To the extent that any stock options or other benefits which may be granted
within the terms of the Plan would qualify under present or future laws for tax
treatment that is beneficial to a recipient, then any such beneficial treatment
shall be considered within the intent, purpose and operational purview of the
Plan and the discretion of the Committee, and to the extent that any such stock
options or other benefits would so qualify within the terms of the Plan, the
Committee shall have full and complete authority to grant stock options or other
benefits that so qualify (including the authority to grant, simultaneously or
otherwise, stock options or other benefits which do not so qualify) and to
prescribe the terms and conditions (which need not be identical as among
recipients) in respect to the grant or exercise of any such stock option or
other benefits under the Plan. The Board of Directors may amend the Plan from
time to time or terminate the Plan at any time. However, no action authorized by
this paragraph shall reduce the amount of any existing benefit or change the
terms and conditions thereof without the participant's or Permissible
Transferee's consent. No amendment of the Plan shall, without approval of the
stockholders of the Corporation (a) increase the total number of shares which
may be issued under the Plan or increase the amount or type of benefits that may
be granted under the Plan; (b) change the minimum purchase price, if any, of
shares of Common Stock which may be made subject to benefits under the Plan; or
(c) modify the requirements as to eligibility for benefits under the Plan.
 
     17. STOCKHOLDER APPROVAL.  The Plan shall be effective on February 23,
1999, and shall be submitted for approval by the stockholders of the Corporation
at the annual meeting of the stockholders in 1999. If the stockholders do not
approve the Plan, it, and any action taken hereunder, shall be void and of no
effect.
 
     18. GOVERNING LAW.  Subject to the provisions of applicable federal law,
the Plan shall be administered, construed and enforced according to the internal
laws of the State of Missouri, excluding its conflict of law rules and the
conflict of law rules of any other state.
 
     19. SEVERABILITY.  The invalidity of any particular clause, provision or
covenant herein shall not invalidate all or any part of the remainder of the
Plan, but such remainder shall be and remain valid in all respects as fully as
the law will permit.
 
                                       A-9
<PAGE>   37
THE ANNUAL MEETING WILL BE HELD IN THE AUDITORIUM OF THE SAINT LOUIS ART 
MUSEUM, 1 FINE ARTS DRIVE, FOREST PARK, ST. LOUIS, MISSOURI. PLEASE ENTER BY 
THE SOUTH AUDITORIUM ENTRANCE OF THE ADMINISTRATION BUILDING, AT THE REAR OF 
THE MUSEUM. PARKING IS ALSO AVAILABLE AT THE REAR.
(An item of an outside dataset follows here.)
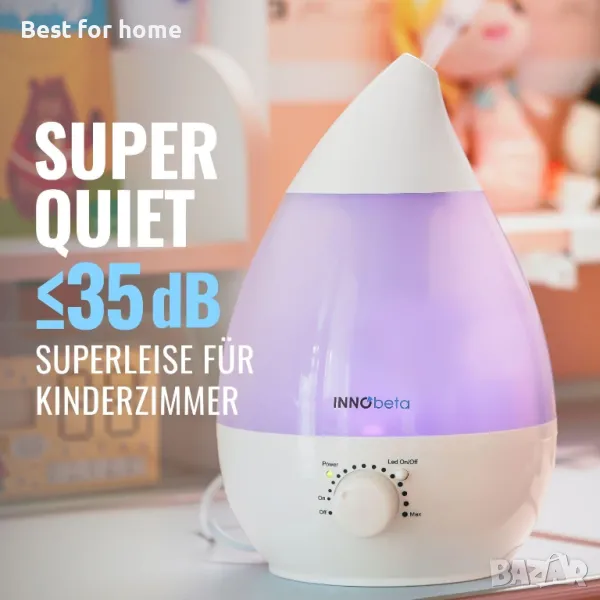 СУПЕР ТИХ - Използвайки ултразвукова технология, овлажнителят INNObeta Waterdrop 2.0 работи тихо, което ви позволява да спите и работите спокойно.

IT IS IMPORTANT THAT YOUR SHARES BE REPRESENTED AT THIS MEETING, WHETHER OR NOT 
YOU ATTEND THE MEETING IN PERSON. TO MAKE SURE YOUR SHARES ARE REPRESENTED, WE 
URGE YOU TO COMPLETE, DETACH AND MAIL THE PROXY FORM BELOW.











                             (Fold And Detach Here)
- -------------------------------------------------------------------------------
The undersigned hereby appoints Don. W. Hubble and Theodore M. Armstrong, and 
each of them, the proxy of the undersigned, each with power of substitution, to 
vote all shares which the undersigned would be entitled to vote if personally 
present at the Annual Meeting of Shareholders of Angelica Corporation to be 
held on May 25, 1999, and at any adjournment thereof; provided, however, that 
said shares shall be voted as specified on the reverse side hereof.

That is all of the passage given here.